As noted above, public theft of revenues remains a huge challenge if ordinary Africans are to receive any benefits from this expansion of the resource extraction industry — rather than simply being exploited once again. Moreover, it is always critical to avoid becoming economically and societally dependent on the export revenues of a single natural resource.

However, there are other challenges too. Gideon George, several days earlier in the Tanzania Daily News, had already published a piece warning Tanzanians not to get their hopes up for (or prematurely fear the effects of) big revenues and investments flooding the country, quite yet, because of the economics involved:

Reports from the Tanzania Petroleum Development Corporation (TPDC) show that gas deposits have now reached 50.4 trillion cubic feet (tcf), increasing anxiety among the population which now thinks Tanzania is on the way to becoming another ‘Dubai’.

Experts term this as ‘extremely high expectations of super earnings’ and no wonder the Parliamentary Public Accounts Committee (PAC) was so adamant that it set its eyes on the 26 PSAs that have been signed between the Government through the TPDC and the exploration companies.

Ask anyone on the prospects and the answer would be trillions of dollars in super earnings. However, according to oil and gas experts, the expected high earnings could remain a dream because of a number of factors including more gas discoveries being made elsewhere around the globe which could lower prices due to stiff competition.

These include discoveries in other countries of the region such as Mozambique which has proven reserves of gas amounting to 150 million tcf, discoveries from other continents discoveries from unconventional sources such as shale gas. Shale gas in the United States is rapidly increasing as an available source of natural gas.
[…]
“Discovering gas deposits is one thing and extracting them and selling them is quite another. You can have large deposits if cannot you to extract the gas or get markets to sell the gas the dream of super earnings would easily evaporate,” said a Denis Maringo Founding Director of the Oil, Natural Gas & Environmental Alliance (ONGEA), adding that “there is no need to be over ambitious.”

The view has been strengthened by a Dar es Salaam University Don, Dr. Alex Hepelwa who has asked Tanzania to tow a precautionary line over expected gas earnings, emphasizing the need to develop a strong internal market through increased use of gas for domestic and industrial purposes.

 
Simply put, the more unconventional fields discovered and opened around the world, the lower the wholesale oil and gas prices will fall due to competition, and some of the more difficult reserves (both technically and governmentally) to develop will continue to remain just out of reach.

As always, establishing transparent governance and enforcing the rule of law are prerequisites to any country or region receiving durable and useful foreign direct investment and benefiting from the arrival of new industries. They cannot come later. Such measures attract stable partnerships with good-faith actors and help ensure that the local population is not being played. They also promote sounder and broader-based long-term investment of national natural resource wealth into human development for the whole population.

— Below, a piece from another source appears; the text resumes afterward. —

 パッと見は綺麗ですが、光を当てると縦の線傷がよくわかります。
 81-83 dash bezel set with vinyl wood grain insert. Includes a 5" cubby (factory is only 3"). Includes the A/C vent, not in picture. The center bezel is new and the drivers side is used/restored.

A world free of land mines?

From an Al Jazeera English report from Mozambique:

Progress in Mozambique and elsewhere indicates that a world without landmines could be achieved by 2025 […] 40 countries are expected to become mine-free within the next five years

 
https://twitter.com/AJEnglish/status/550305419630227457

Additional excerpt:

Meanwhile, with its snout on the ground, a dog is wiggling through the grass. When it comes to de-mining, dogs are indeed man’s best friend. Using their keen sense of smell to sniff out explosives in the ground, dogs are about 30 times faster than human de-miners, according to Alan Johnson, head of operations at Handicap International’s Mozambique operation.

Johnson said he has never seen a dog hurt in the de-mining process. “They smell everything long before the point they would step on it,” he noted, adding dogs’ weight distribution makes them less likely to trigger the mines.